SPEAKER Cherokee Chief Defies Labels By Kristy Eberbach Hoya Staff Writer

Charles Nailen/The Hoya The first female chief of the Cherokee Nation, Wilma Mankiller challenges stereotypes against Native American women Thursday.

Wilma Mankiller, the first female chief of the Cherokee Nation, discussed international women’s rights, commonly held stereotypes and the role of Native American women in their community in celebration of Women’s History Month.

“[Wilma Mankiller] is a nickname . and I’ve earned it,” she said to the crowd of mostly students Thursday in Gaston Hall.

As the member of several international boards, Mankiller addressed stereotypes held about women internationally as well as those held against Native American women in American pop culture.

Mankiller pointed to author Alice Walker saying, “Looking backward towards the future.” Cherokee culture is based on the belief that the world exists in a precarious balance and to maintain that balance individuals must pursue a righteous life, according to Mankiller. Gender equity, for example, is part of that balance, she said.

Yet when Mankiller first ran for tribal office in 1983, many people had forgotten this history, she said. Mankiller said she had to confront the stereotypes of her own people during her campaign.

“We get our identity from our clan, tribe and nation. To have members of my own nation oppose me because I’m female was very hurtful,” she said.

Mankiller said she soon discovered that she should “never argue with a fool because someone walking by won’t know who the fool is.” From that point on she said she has never looked back.

During her tenure as principal chief, the Cherokee Nation’s

Mankiller, from p. 1

budget doubled, tribal membership tripled and services to tribe members were greatly increased, she said. Before her election, ankiller ran a construction project for her community because she said it was what the people needed.

“It never occurred to me not to do it just because I’m a woman,” she said.

Despite the adversity she has faced, Mankiller said she has succeeded in promoting women’s rights throughout the world because she “cares more about the issues than what people think.”

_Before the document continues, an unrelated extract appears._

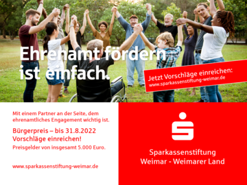 Der Bürgerpreis ist mit insgesamt 5.000 Euro dotiert und wird im Rahmen einer Feierstunde am 9. Dezember 2022 übergeben. . Vorschläge können über ein Online-Formular auf der Internetseite der Sparkassenstiftung www.sparkassenstiftung-weimar.de eingereicht werden. Bewerbungsende ist der 31. August 2022.

She added that she is proud of her heritage because of its contributions to American culture and because of its respectful attitude toward women. However, the question of women’s societal role still remains. “[It is one that] we need to ask again and again until the truthful answer is [that] women are everywhere they want to be. Then we can stop asking the question,” she said.

Mankiller said she denies the fact that we are in a post-feminist era, but rather believes that people are redefining feminism.

“As women in the larger society made gains, native women have as well,” she said. “There is no area in the world not affected by the feminist movement, whether it’s a small community in Oklahoma or a New York City.” Still she said she presently feels that “women still have a major battle on their hands” because even American society has a narrow view about what it means to be a woman.

Mankiller said she lacked an assertive female role model in her childhood and stressed the need for women in leadership roles. These leading women can “strengthen us, help us go on, empower us and make us feel that the battle is worth continuing,” she said.

Mankiller said she approaches every aspect of her life with this optimism. Despite the adversity her tribe has faced such as a lack of housing, the high unemployment rate and the difficulties many have had in holding onto their land, Mankiller said she sees “another world of tenacious, strong, interdependent people with a strong sense of community.” Despite of the distinct languages, cultures and religions found among Native American tribes, this idea of interdependence unites them under the common understanding “that the people, the land and everything else is alive,” she said.

Concluding her speech, Mankiller stepped back and examined her black suit. “I hope that by spending time with you I have eliminated one more stereotype about what a chief looks like,” she said.